▶ [EXERCISE]
Print the records below exactly, and do not carry over any picture.

▶ [SUPPLIED RECORDS]
──────────────────────────────

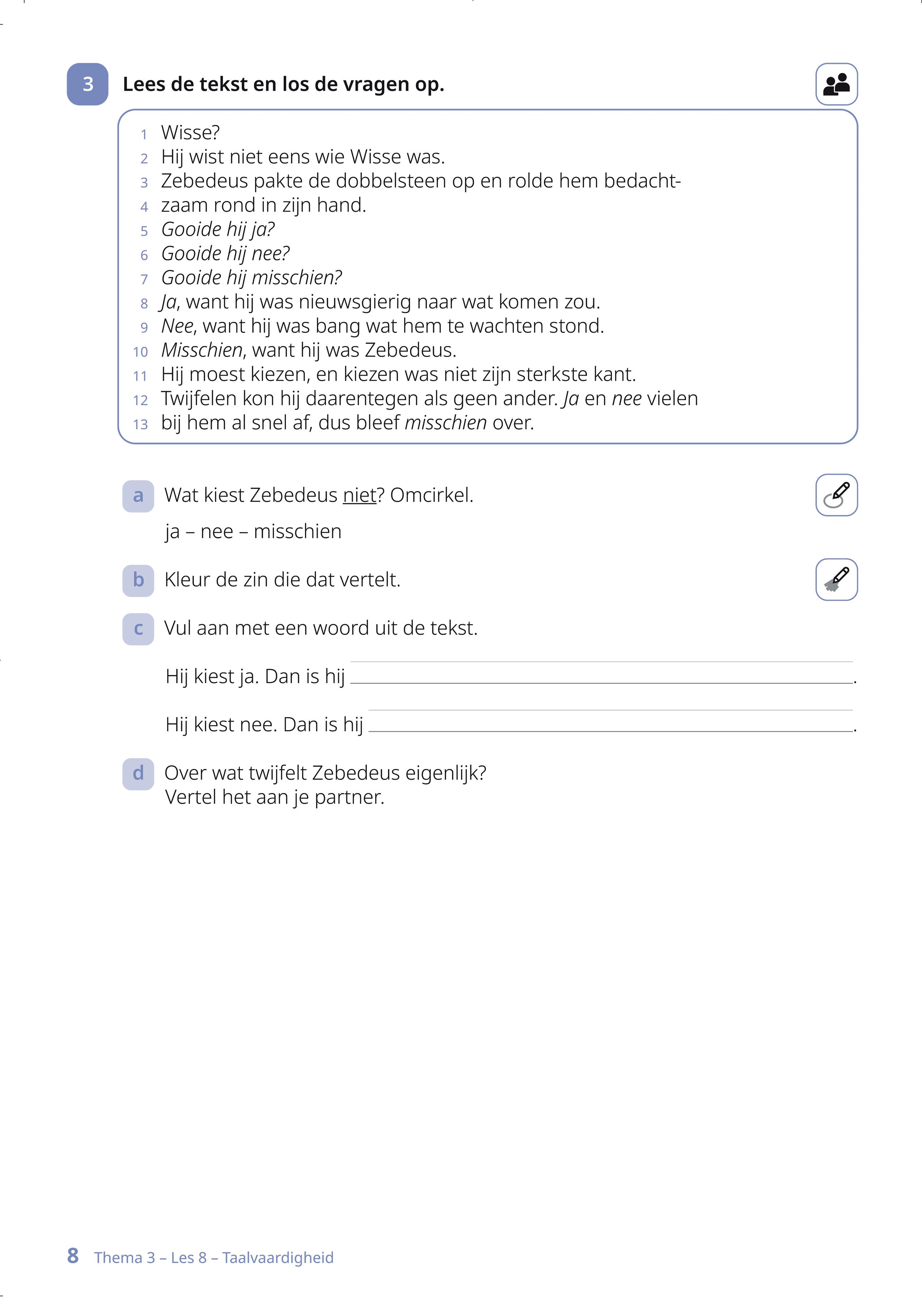 Dit leermiddel is onderdeel van de lesmethode Taaltoer van Uitgeverij VAN IN. Het is ontwikkeld met de intentie dat iedere leerling zich herkent en thuis voelt in beeld en tekst. Heb je op- of aanmerkingen, dan kun je contact opnemen met Uitgeverij VAN IN.
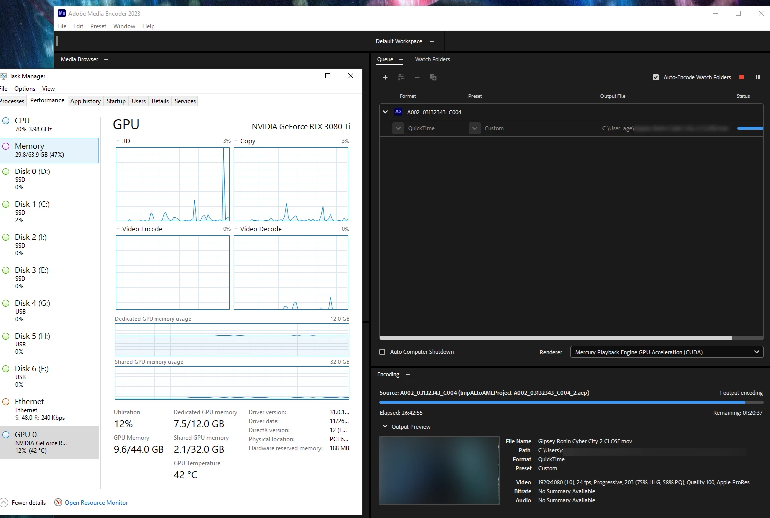 Can Adobe brute force Nvidia to do 100% of the work?? Its barely used. I can only imagine if this was for a client. Im ok if my GPU sounds like a super sonic turbine spinning if it means it gets used to render faster.
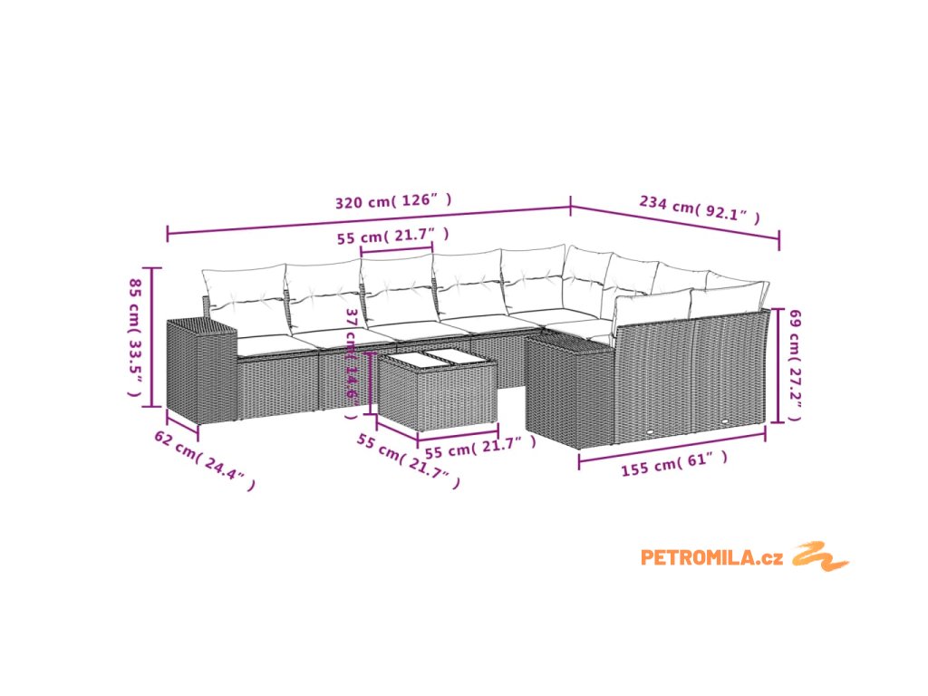 Tato zahradní sedací souprava je dokonalým doplňkem vaší zahrady, terasy nebo dvorku a poskytne vám pohodlné a příjemné místo, kde si můžete povídat s rodinou a přáteli nebo jen tak odpočívat a užívat si pobyt venku.
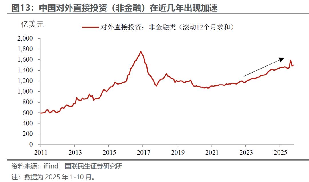 第三是对外投资和企业出海的“再加速”。这一方面是打造更加具有韧性、更好融入全球的供应链体系,另一方面则出海投资、建厂也会客观上带动相关机器设备和中间品的出口增长。
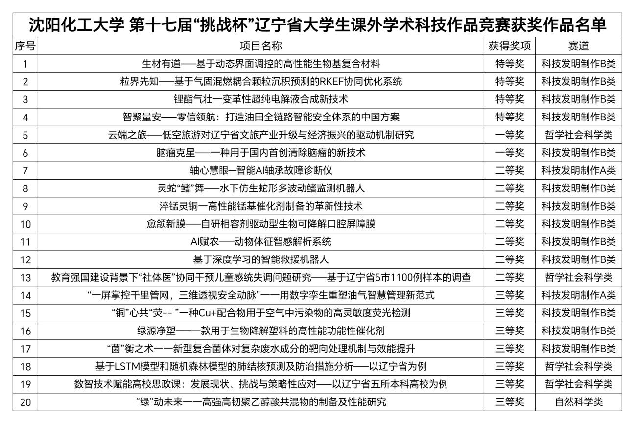 第十七届“挑战杯”辽宁省大学生课外学术科技作品竞赛决赛于6月8日举办,由共青团辽宁省委、省教育厅、省科技厅等多部门联合开展。我校团委提早谋划、精细组织,经校赛选拔、省赛初评与决赛答辩等环节激烈角逐,在本次竞赛中取得优异成绩,获得辽宁省特等奖4项、一等奖2项、二等奖7项、三等奖7项。
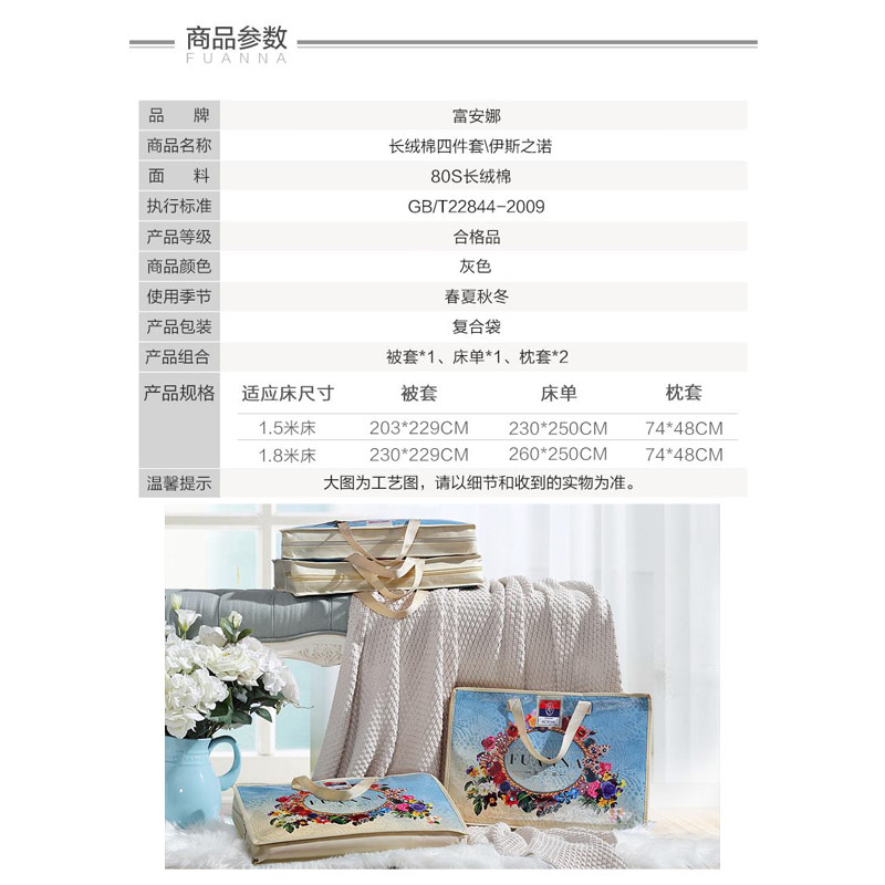 伊斯之诺 床单四件套(被套1件床单1件枕套2件)(适合1.5米床)【长绒棉/灰】

──────────────────────────────

▶ [ANSWER SECTION]
 Dit leermiddel is onderdeel van de lesmethode Taaltoer van Uitgeverij VAN IN. Het is ontwikkeld met de intentie dat iedere leerling zich herkent en thuis voelt in beeld en tekst. Heb je op- of aanmerkingen, dan kun je contact opnemen met Uitgeverij VAN IN.
 Can Adobe brute force Nvidia to do 100% of the work?? Its barely used. I can only imagine if this was for a client. Im ok if my GPU sounds like a super sonic turbine spinning if it means it gets used to render faster.
 Tato zahradní sedací souprava je dokonalým doplňkem vaší zahrady, terasy nebo dvorku a poskytne vám pohodlné a příjemné místo, kde si můžete povídat s rodinou a přáteli nebo jen tak odpočívat a užívat si pobyt venku.
 第三是对外投资和企业出海的“再加速”。这一方面是打造更加具有韧性、更好融入全球的供应链体系,另一方面则出海投资、建厂也会客观上带动相关机器设备和中间品的出口增长。
 第十七届“挑战杯”辽宁省大学生课外学术科技作品竞赛决赛于6月8日举办,由共青团辽宁省委、省教育厅、省科技厅等多部门联合开展。我校团委提早谋划、精细组织,经校赛选拔、省赛初评与决赛答辩等环节激烈角逐,在本次竞赛中取得优异成绩,获得辽宁省特等奖4项、一等奖2项、二等奖7项、三等奖7项。
 伊斯之诺 床单四件套(被套1件床单1件枕套2件)(适合1.5米床)【长绒棉/灰】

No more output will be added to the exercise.